Conclusion troisième partie :
Du métier aux formes d'emploi…

Les déclarations des professions à l'état civil ou à l'agent recenseur sont rarement considérées comme une source fiable et précise 677 . En étudiant ce type de document, il faut se demander en quoi la profession est un élément important de l'identification légale de l'individu 678 . Le cas des femmes d'Alcântara de la première moitié du XXe siècle est paradigmatique. Leur situation professionnelle constitue une donnée insignifiante. Elles sont enfermées dans le statut de doméstica, sans nul doute factice pour la plupart d'entre elles. Ces pratiques ne sont pas cependant réservées à l'identification des professions féminines : souvenons-nous des« operários" (ouvriers) qui fréquentaient les cours du soir de la Promotora en 1913 et 1914. Déjà, on avait relevé, dans un tout autre contexte administratif et à propos de déclarations masculines cette fois, ce procédé qui consiste à simplifier à l'extrême les vécus professionnels individuels, forcément très diversifiés dans un milieu comme Alcântara, par l'emploi stéréotypé d'un nombre limité de catégories. Doméstica d'un coté, operário de l'autre, deux modes d'inscription qui font état non pas d'un statut social ou professionnel mais, indirectement, d'un travail de mémoire. La connaissance fine des différentes étapes de ce processus nous renseignerait éventuellement sur le milieu social d'Alcântara. Cependant, ce n'est pas seulement la mémoire locale qui affleure dans les registres de l'état civil. Les facteurs exogènes ont une influence décisive et sans doute en constante augmentation au fur et à mesure que se perfectionne et s'uniformise l'encadrement administratif de l'enregistrement des naissances sur le territoire portugais 679 .
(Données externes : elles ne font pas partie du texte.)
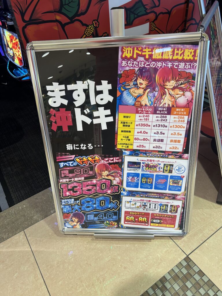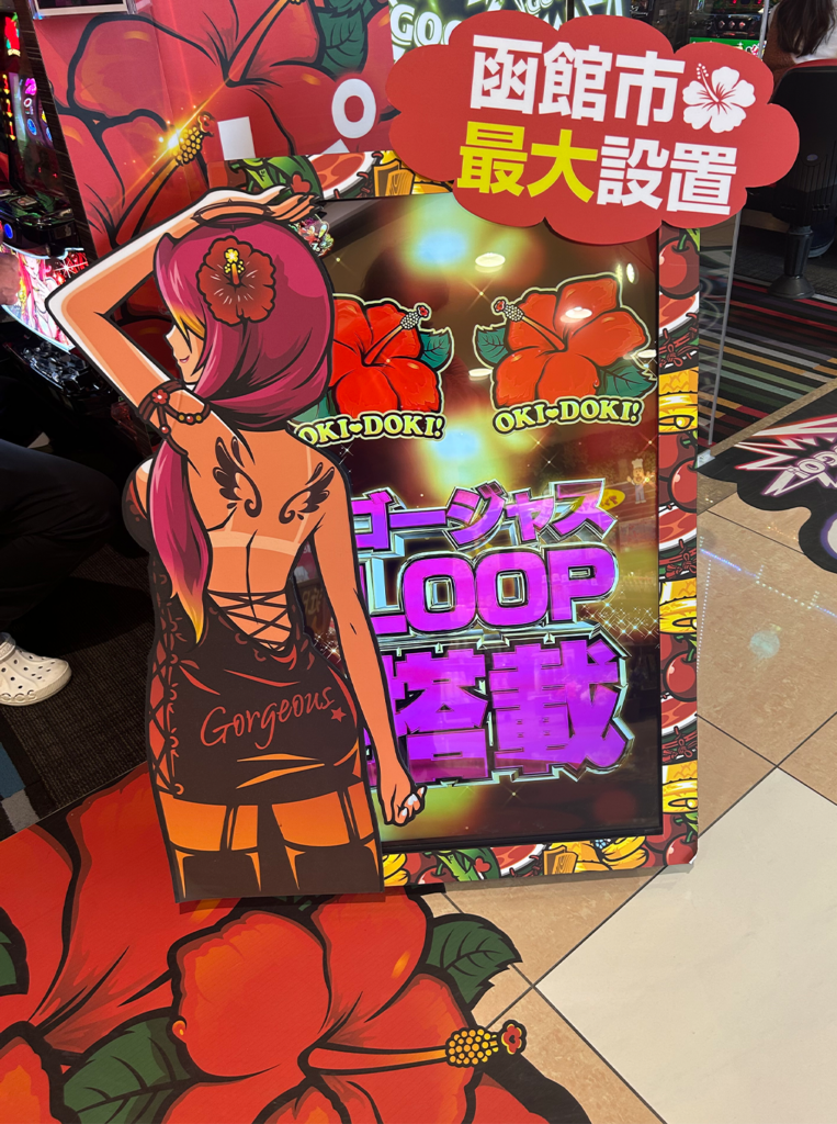 取材対象機種の「沖ドキ!ゴージャス」は合計40台の設置があり、函館市内では最大設置を誇る。沖ドキコーナーは全体的に力の入った装飾物が展開されており、まさに「ドキドキ」させるような空間が広がっていた。平日にもかかわらずたくさんのお客様の姿も目立っており、普段から大切に扱っている印象を受ける。

Les déclarations masculines sont cependant suffisamment diversifiées pour qu'on puisse envisager un autre niveau de lecture des données. Mais cette lecture ne peut se faire à une échelle individuelle. Il ne s'agit pas de repérer les statuts professionnels d'individus isolés. Les obstacles à cette approche seraient en effet multiples. Les déclarations à l'état civil sont instables et imprécises. Elles se référent indistinctement aux taxinomies professionnelles internes au monde du travail, aux distinctions entre branches d'activité et aux oppositions entre statuts socioprofessionnels. C'est par la confrontation entre des déclarations interdépendantes, autour d'une même individu – les séquences de déclarations contrôlables –, ou à travers les liens père/parrain que nous espérons progresser.

L'analyse de quelques modes de définition des identités professionnelles nous donne un angle d'approche. Notre bilan peut paraître maigre du point de vue de l'histoire du salariat au Portugal. Beaucoup de questions ont été laissées en suspens. Mais nous savions que notre apport ne devait pas être jugé à l'aune de cette problématique. Si nous nous étions contentés de la bibliographie disponible, nous aurions sûrement eu tendance à surévaluer l'importance des métiers comme forme traditionnelle de définition des positions sociales dans les milieux populaires lisboètes. La suite de notre étude aurait alors consisté essentiellement à tenter de rechercher les traces de ces solidarités de métier dans les relations interindividuelles observables chez les habitants de la Rua da Cruz et de la Rua Feliciano de Sousa. Au lieu de cela, nous sommes parvenus à élaborer une grille de lecture plus complexe qui peut être appliquée à l'examen des comportements relationnels. La mention de l'employeur, qu'il soit public – l'État ou la ville de Lisbonne – ou privé, apparaissait à première vue comme une information secondaire car plutôt rare. Elle revêt désormais un caractère beaucoup plus fondamental.

Notes
677.

À en juger d'après les pages consacrées à la critique de la source dans des études aussi diverses comme : O. Zeller, Les recensements lyonnais..., op. cit. ; J. Dûpaquier et D. Kessler (dir.), La société française au XX e siècle, op. cit. ; Jean-Luc Pinol, Les mobilités de la grande ville, op. cit.

678.

Des questions abordées dans : Gérard Noiriel, «Surveiller les déplacements ou identifier les personnes ? Contribution à l'histoire du passeport en France de la Ie à la IIIe République", dans Genèses, nº30, mars 1998, pp. 77-100.

679.

Les fichiers de la Promotora sont d'une nature différente. L'influence du milieu local y est plus nette.